Air con regassed at 250,000.
Transmission crossmember snapped on the freeway, caused the transmission to drop about 3 inches. The engine/transmission dangled off the engine mounts and caused the car to shake violently as stopped the car. Snapped the A/C lines, powersteering lines and caused a leaky transmission.
Aside from the slight drama I encountered on the freeway, the commodore has been an excellent car.
It is an ex-cop car, fitted with FE2 suspension and bigger/wider wheels.
It is fitted with a pod-filter which I have found to be the easiest, cheapest and most cost effective performance modification. It gives the car so much more grunt, which can be felt at about half throttle or more.
Normally the car drives around with minimal throttle, and takes about 12 litres for 100km. The engine has so much torque and response. At full throttle the car gets up and moves it's ass really good. It gets from 0-60 km/h in 1st gear, then 60-110 km/h in 2nd gear... all in about 7 seconds flat with the pod filter.
A good car to thrash and drag rice-boxes with. Takes heaps of fuel when you push it though.

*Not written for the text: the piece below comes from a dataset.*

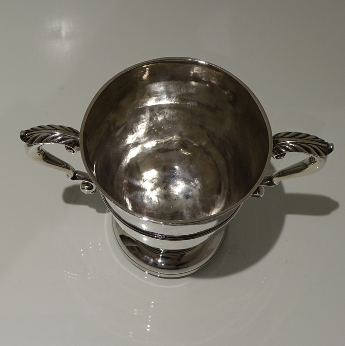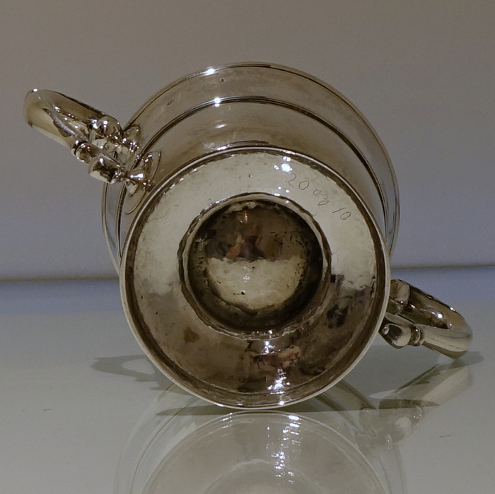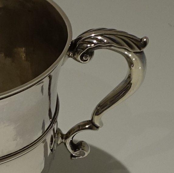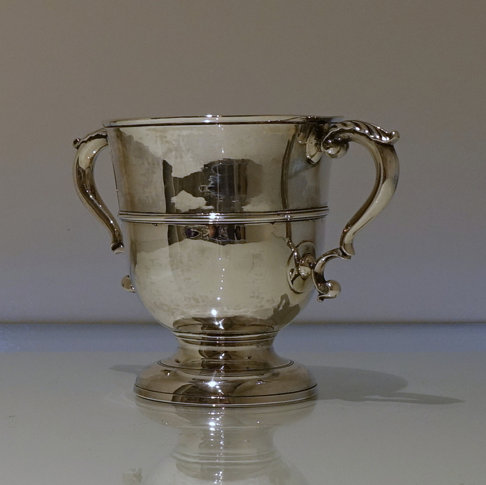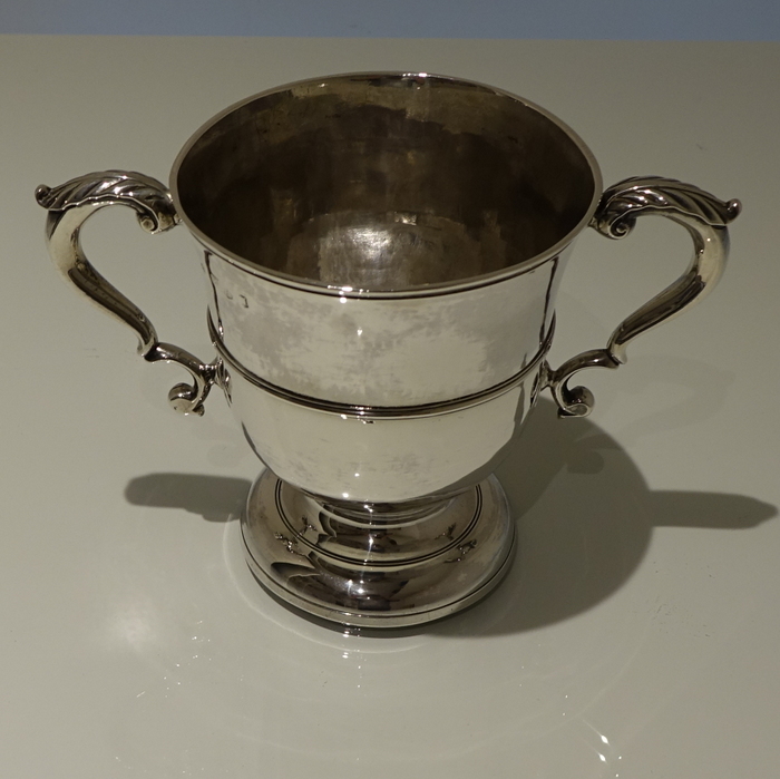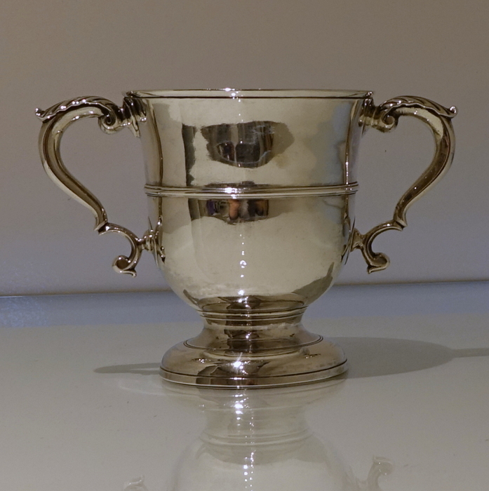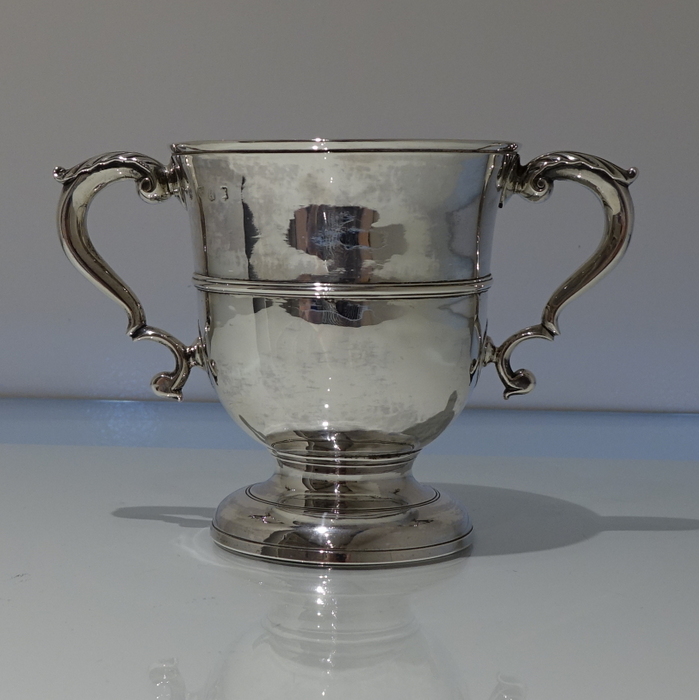 An elegant mid 18th century circular plain formed cup with a central girdle on the body for decoration. Â The handles are double scroll and are crowned with stylish acanthus leaf thumb pieces.
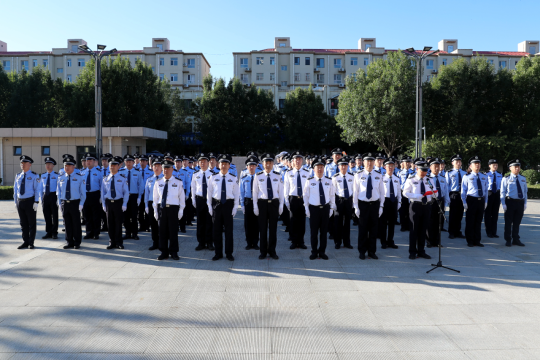 伴隨著雄壯的中華人民共和國(guó)國(guó)歌,鮮艷的五星紅旗冉冉升起,在蔚藍(lán)的天空中迎風(fēng)飄揚(yáng)。全體民輔警精神抖擻、英姿勃發(fā),面向國(guó)旗莊嚴(yán)敬禮,表達(dá)對(duì)黨的無限忠誠(chéng)和對(duì)祖國(guó)的誠(chéng)摯祝福。

My Commodore did the same with the cross member, luckily I was only doing roughly 60 kph and the car made a huge bang sound, came to a slow stop and then when trying to drive it back to a friends house for repair it kept making loud banging noises, thought it was going to explode!! But that was due to a lazy mechanic who didn't tighten the bolts properly.
Does it make much of ma difference putting on a pod I have a normal air filter and thinking of putting one on. The people who had the car before me cut a hole through the bottom of the air cleaner box for air flow. apparently it is common that vn's don't have good enough air flow.